Regiospecific quenching of a photoexcited platinum(II) complex at acidic and basic sites.

ABSTRACT

The carbometalated complex Pt(dppzφ*)Cl, where dppzφ* denotes the 6-(4-tert-butylphenyl)-dipyrido[3,2-a2',3'-c]phenazine ligand, exhibits emission in a dichloromethane solution at room temperature with a concentration-dependent excited-state lifetime. Extrapolation to zero Pt(dppzφ*)Cl concentration yields a limiting lifetime of 11.0 µs in the absence of dioxygen along with an impressive emission quantum yield of 0.17. The visible absorption of Pt(dppzφ*)Cl has intraligand charge-transfer as well as metal-to-ligand charge-transfer character, but the oscillator strength may derive, in part, from π-π* excitation within the phenazine moiety. An intriguing aspect of the Pt(dppzφ*)Cl system is that its reactive excited state is subject to regiospecific quenching by Lewis bases and hydrogen-bonding Lewis acids. Base-induced quenching involves an attack at the platinum center.
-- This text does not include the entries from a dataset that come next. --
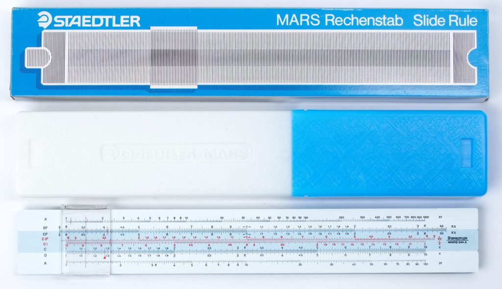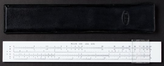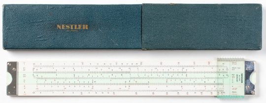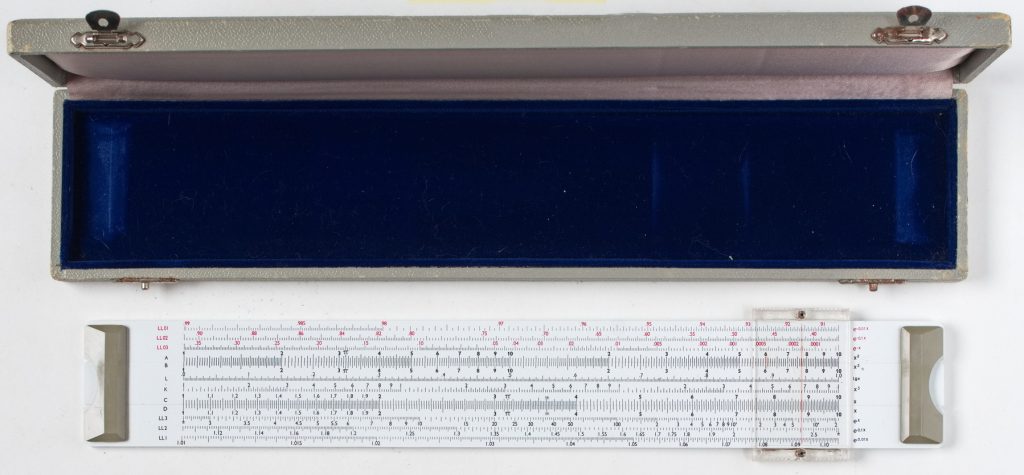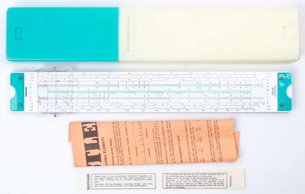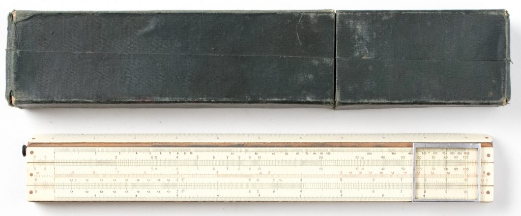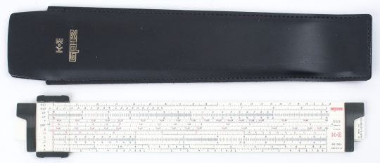 NIB, mint condition student/beginner rule with the original box, case, and manual (English). Scales are self-documenting on the right side of the rule. Features a metric ruler on the upper edge, and operating instructions on the reverse side of the rule.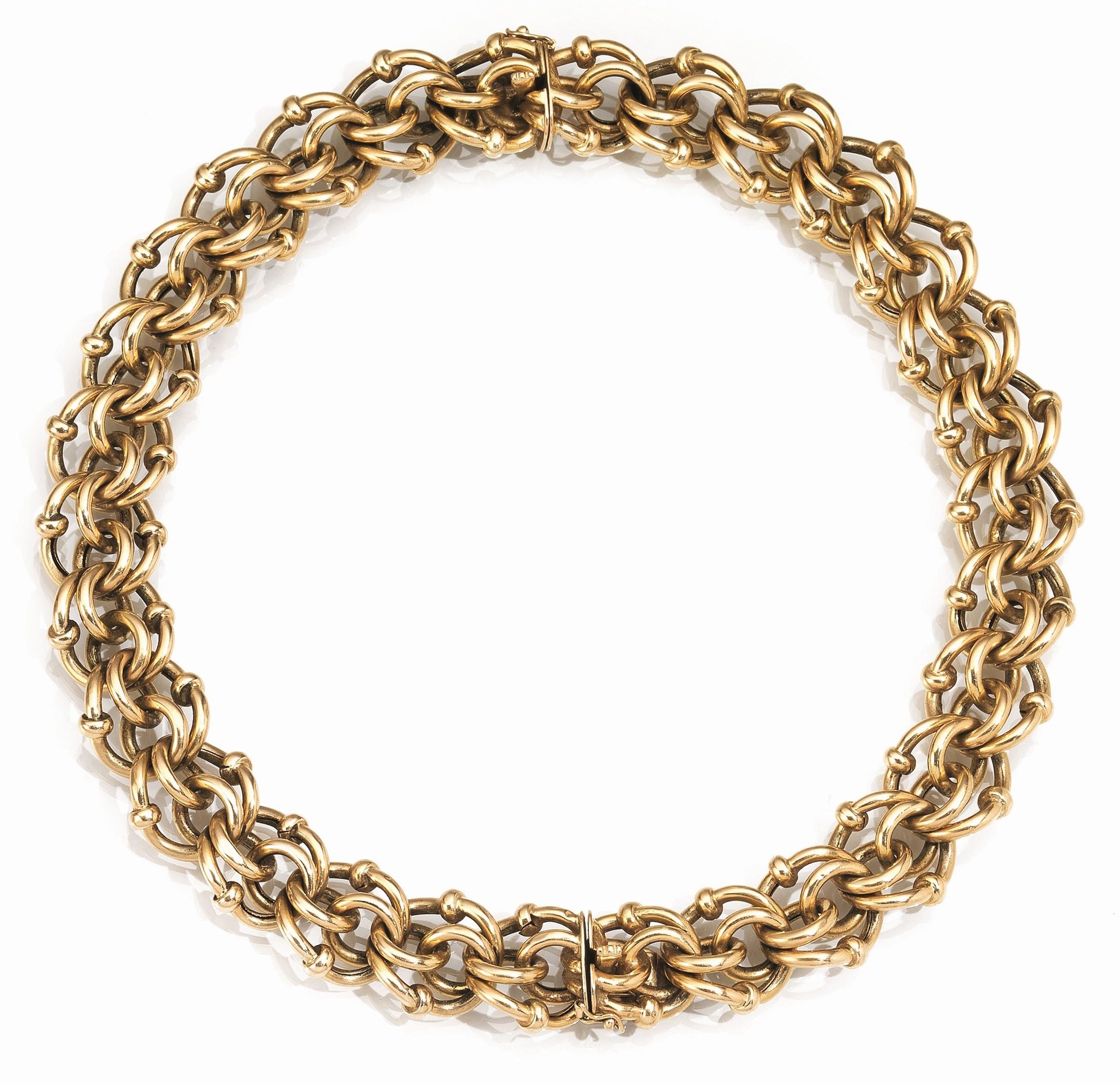 Coppia di bracciali in oro giallounibili a formare una collana, ciascuno...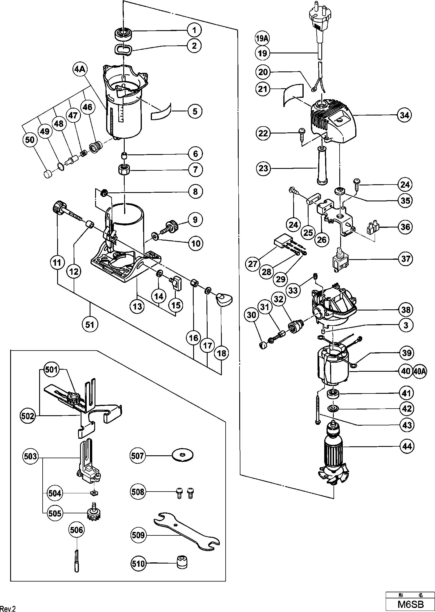 Vous trouverez ici toutes les pièces et dessins disponibles du 'Hikoki M6SB'. De là, vous pouvez commander directement toutes les pièces souhaitées. De nombreuses pièces doivent être commandées auprès du fabricant, selon la marque, cela prend une à quatre semaines. Toutes les informations dont nous disposons se trouvent sur notre site Web, nous ne pouvons pas vous conseiller sur ce dont vous avez besoin, pour cela vous devrez retourner la machine pour réparation. Veuillez noter ce qui suit lors de la commande: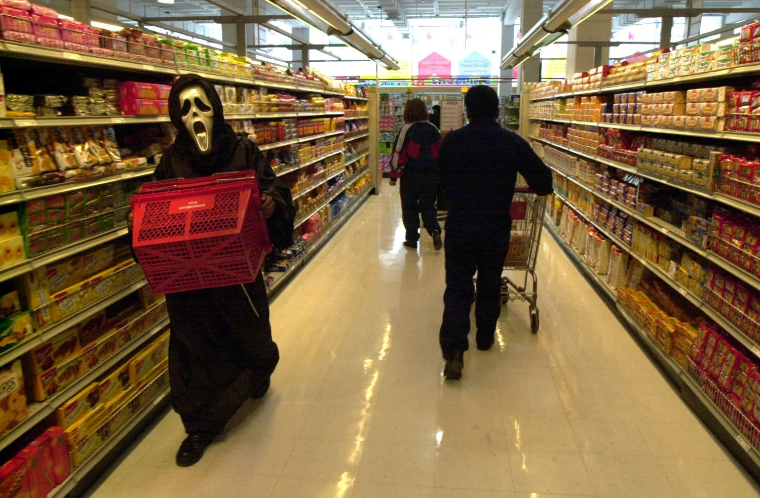 Alberto in his costume carries some shopping baskets in a supermarket, in La Paz, Bolivia, Thursday, Oct. 31, 2002. All employees in this supermarket are disguised in Halloween costumes one day ahead of All Saint's day. (AP Photo/Pablo Aneli)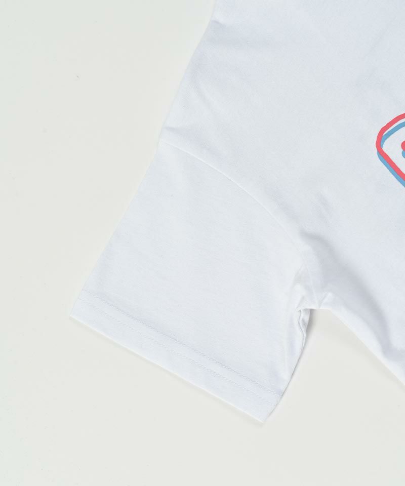 フロントには独特なカラーでプリントされたまぁるいフォルムのブランドネーム。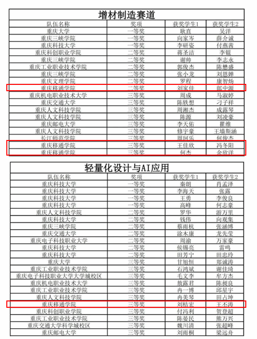 开放赛道共四支队伍获奖,其中增材制造赛道,刘家佳和郎中源荣获二等奖,王佳欣、冯冬阳、何杰和余欣洋同学荣获三等奖。轻量化设计与AI应用赛道,刘桔宏和王丕涛同学荣获三等奖。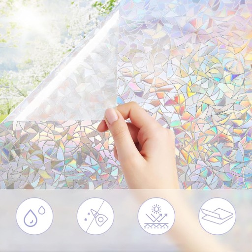 ✅ EFEKT TĘCZY 3D - Wykorzystując proces trawienia 3D i zasadę lustra Mitsubishi, tworzy niepowtarzalny efekt tęczy, gdy światło słoneczne przechodzi przez powierzchnię okna z tęczowej folii spożywczej, dzięki czemu Twoje szkło wygląda jak piękne dzieło sztuki, alternatywa dla drogiego szkła teksturowanego ( Uwaga: sam produkt nie ma żadnego koloru)

The rate constant increases with the donor strength of the quencher and reaches the order of 10(8) M(-1) s(-1) with a relatively strong base like dimethyl sulfoxide. The orbital parentage of the excited state probably influences the quenching rates by affecting the charge density at platinum, as well as at the phenazine nitrogen atoms, where attack by Lewis acids occurs. With mildly acidic alcohols like 1,1,1,3,3,3-hexafluoropropan-2-ol and 2,2,2-trifluoroethanol, high concentrations of the quencher are necessary to suppress the emission. Carboxylic acids are stronger quenchers, and the quenching constant increases with the acid strength according to tabulated pK(a) values. Cyanoacetic acid exhibits the highest measured quenching rate constant (2.6 × 10(9) M(-1) s(-1)), which only decreases 30% when the acid is in the (NC)CH(2)CO(2)D form. A weaker acid, CH(3)CO(2)H, exhibits an even smaller kinetic isotope effect. Literature comparisons suggest that acid-induced quenching probably involves hydrogen-bond formation as opposed to net proton transfer.